Les radiofréquences sèment la bisbille en France, où les tribunaux ont récemment ordonné à plusieurs entreprises de retirer leurs antennes-relais, en raison de leur «danger potentiel».

François Cardinal LA PRESSE

Si les autorités se font rassurantes au Québec au sujet de l'impact des champs électromagnétiques, elles sont beaucoup plus divisées dans l'Hexagone, où le débat a pris des proportions surprenantes depuis quelques semaines.

 

Preuve du caractère explosif du débat, le gouvernement Sarkozy s'est senti obligé de calmer le jeu en organisant, le 23 avril prochain, un vaste sommet qui réunira scientifiques, associations, membres de l'industrie et élus.

Cette décision fait suite à trois jugements récents qui ont semé la consternation dans l'industrie de la téléphonie mobile. Le 4 février dernier, une cour d'appel a forcé Bouygues à démonter une antenne-relais dans le Rhône en raison d'un «trouble anormal de voisinage». Le 16 février, le tribunal d'instance de Carpentras a rendu une décision similaire en raison des «incertitudes», estimant qu'«il n'existe manifestement pas de consensus sur cette question sensible».

Puis, le 5 mars, le tribunal de grande instance d'Angers a invoqué le «principe de précaution» afin de bloquer l'érection de trois antennes-relais sur l'église du village de Notre-Dame-d'Alençon.

Il n'en fallait évidemment pas plus pour que les citoyens s'inquiètent... et que les autorités médicales se rebiffent.

Le 3 mars dernier, l'Académie nationale de médecine a ainsi publié une «mise au point» dans laquelle elle s'inquiète des dérapages des juges, qu'elle met «en garde contre une interprétation subjective du principe de précaution».

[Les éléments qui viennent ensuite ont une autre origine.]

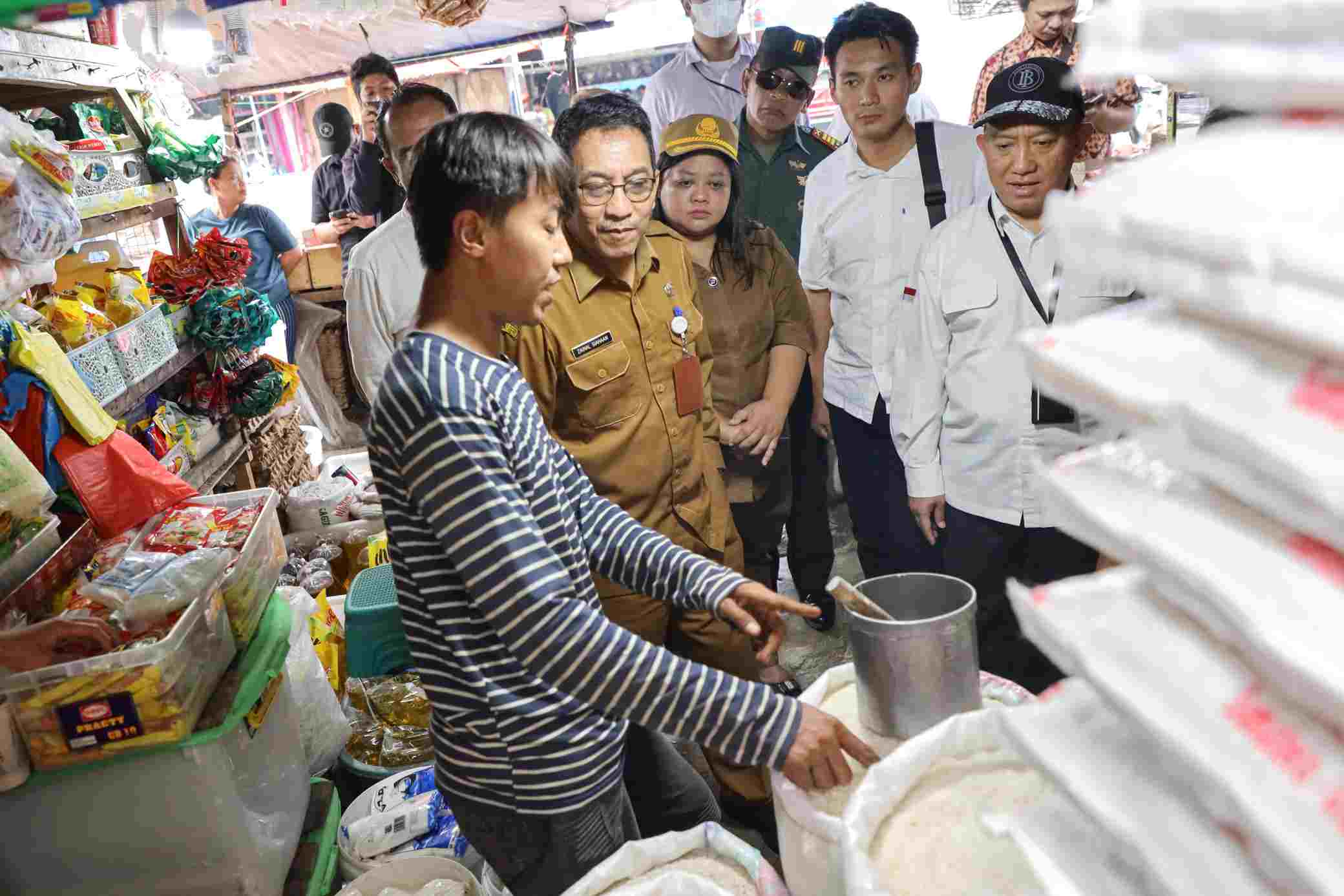 Siantar — Guna memastikan stok kebutuhan pokok akan terpenuhi di suasana Natal dan Tahun Baru, Walikota Pematang Siantar dr Susanti Dewayani SpA diwakili Asisten Perekonomian dan Pembangunan Zainal Siahaan SE MM, bersama Forkopimda melakukan inspeksi mendadak (sidak) harga dan stok kebutuhan pokok di pasar, Senin (18/12/2023). Lokasi yang disidak yakni Pasar Dwikora, Ramayana Departemen Store, dan Kilang Padi Hariara.

Selon l'Académie, «on ne connaît aucun mécanisme par lequel les champs électromagnétiques dans cette gamme d'énergie et de fréquence pourraient avoir un effet négatif sur la santé».

Les antennes de téléphonie mobile, précise l'Académie, entraînent une exposition aux champs électromagnétiques de 100 à 100 000 fois plus faible que les téléphones portables. Pourquoi, dans ce cas, avoir donné tant de crédit au «ressenti» des victimes potentielles? se demande-t-elle.

«La prééminence du ressenti du plaignant, ajoute-t-on, si elle fait jurisprudence, remet en cause les fondements mêmes de l'expertise scientifique et médicale. (...) Une telle utilisation dévoyée du principe de précaution risque de conduire à une quête illusoire du risque zéro, source d'erreurs, de retards et de dysfonctionnements du système de santé.»

Qu'à cela ne tienne, les organisations de citoyens opposées aux antennes-relais sont de plus en plus nombreuses en France. D'autant plus que certains médecins et biologistes ont choisi de se ranger de leur côté.

Lundi dernier, un groupe de scientifiques a profité d'un colloque sur l'enjeu sanitaire des technologies sans fil pour tirer la sonnette d'alarme. Quatre médecins, dont deux cancérologues, ont affirmé qu'il est urgent d'agir pour éviter «un problème de santé publique majeur». Ils ont fait état d'«un nombre croissant de malades devenus intolérants aux champs électromagnétiques» et précisent qu'«on ne peut exclure chez eux l'évolution vers une maladie dégénérative du système nerveux, voire certains cancers».

Plus encore, les opposants aux antennes s'appuient sur un rapport appelé BioInitiative, produit en 2007 par un collectif international de 14 scientifiques. On y fait plusieurs constats et recommandations destinés à contrer la possible dangerosité des champs électromagnétiques.